### WHAT THIS TASK INVOLVES
Please output exactly the lines below, starting at the line that has "and elegant appetizer." and ending at the line that has "The 6th and", both included; leave out all pictures and include nothing else.

### RECORD EXTRACTS
_ _ _

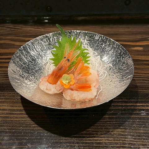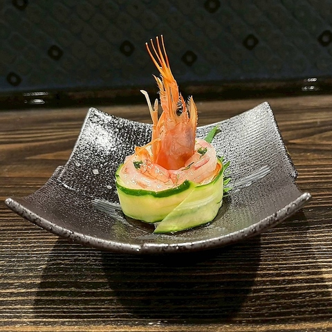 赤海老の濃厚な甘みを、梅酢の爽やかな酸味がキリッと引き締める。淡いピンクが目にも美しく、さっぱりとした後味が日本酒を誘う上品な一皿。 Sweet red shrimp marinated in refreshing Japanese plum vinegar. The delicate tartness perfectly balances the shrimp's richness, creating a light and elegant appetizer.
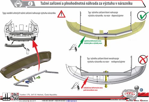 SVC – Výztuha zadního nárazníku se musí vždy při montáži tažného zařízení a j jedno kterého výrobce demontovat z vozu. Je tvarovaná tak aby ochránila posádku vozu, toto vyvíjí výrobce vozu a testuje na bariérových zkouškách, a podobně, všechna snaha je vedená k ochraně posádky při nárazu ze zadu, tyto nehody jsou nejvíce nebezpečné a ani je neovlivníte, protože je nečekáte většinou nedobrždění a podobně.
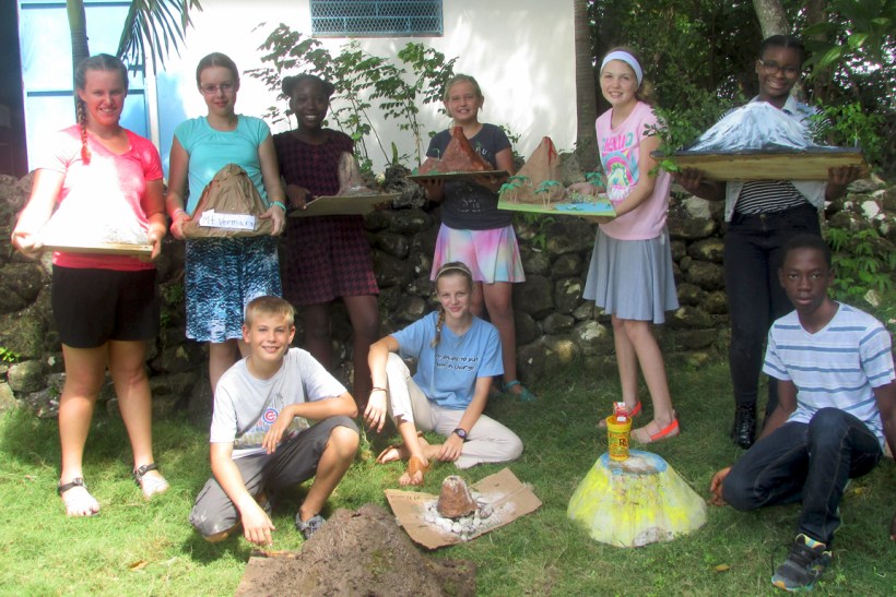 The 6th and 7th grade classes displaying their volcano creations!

_ _ _

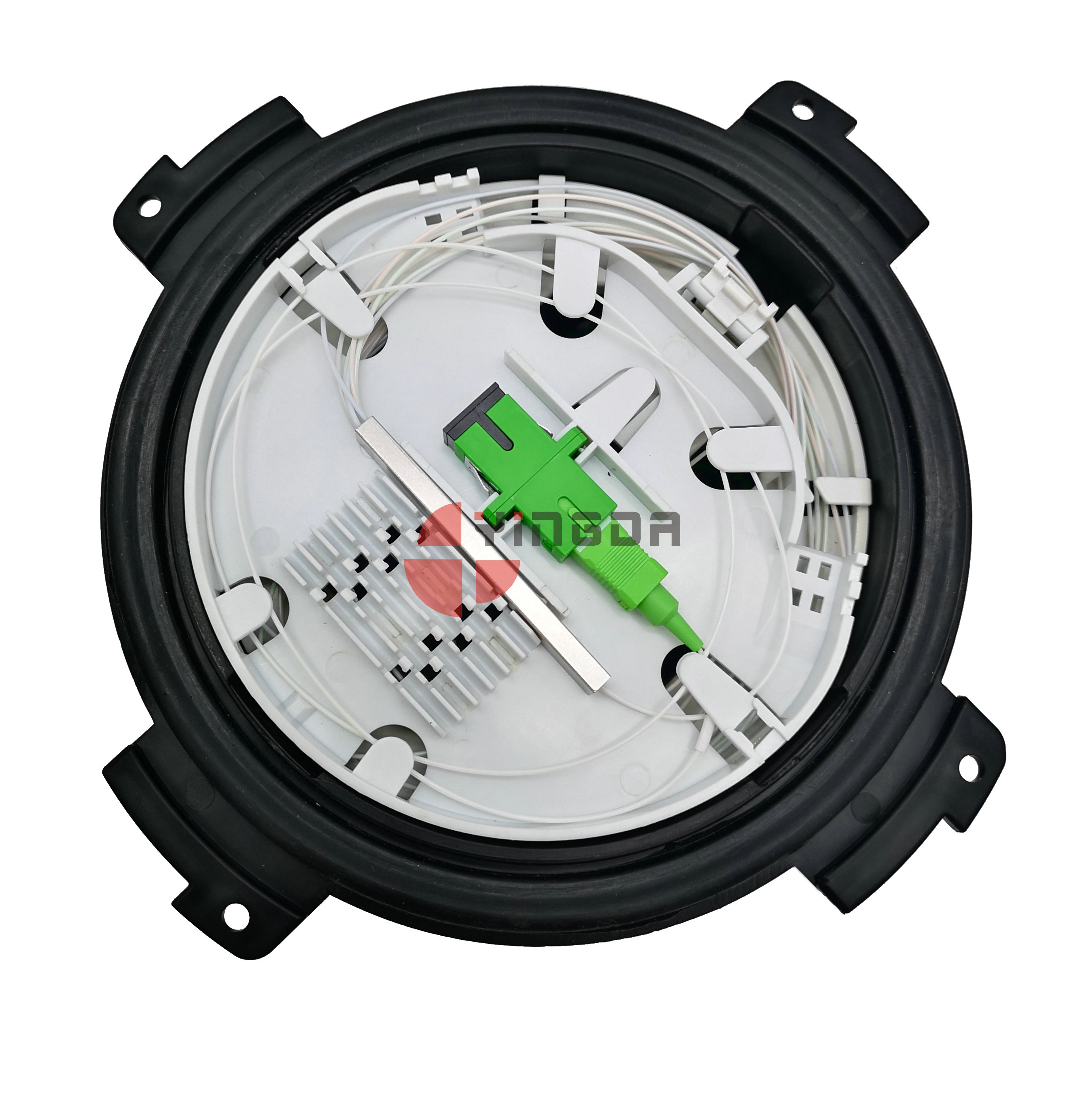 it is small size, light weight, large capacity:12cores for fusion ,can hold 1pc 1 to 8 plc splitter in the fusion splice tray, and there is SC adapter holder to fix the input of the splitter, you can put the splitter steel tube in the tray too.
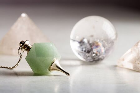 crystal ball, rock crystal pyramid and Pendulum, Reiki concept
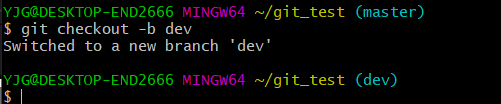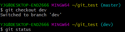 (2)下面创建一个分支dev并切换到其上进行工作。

_ _ _

### EXPECTED ANSWER
 赤海老の濃厚な甘みを、梅酢の爽やかな酸味がキリッと引き締める。淡いピンクが目にも美しく、さっぱりとした後味が日本酒を誘う上品な一皿。 Sweet red shrimp marinated in refreshing Japanese plum vinegar. The delicate tartness perfectly balances the shrimp's richness, creating a light and elegant appetizer.
 SVC – Výztuha zadního nárazníku se musí vždy při montáži tažného zařízení a j jedno kterého výrobce demontovat z vozu. Je tvarovaná tak aby ochránila posádku vozu, toto vyvíjí výrobce vozu a testuje na bariérových zkouškách, a podobně, všechna snaha je vedená k ochraně posádky při nárazu ze zadu, tyto nehody jsou nejvíce nebezpečné a ani je neovlivníte, protože je nečekáte většinou nedobrždění a podobně.
 The 6th and 7th grade classes displaying their volcano creations!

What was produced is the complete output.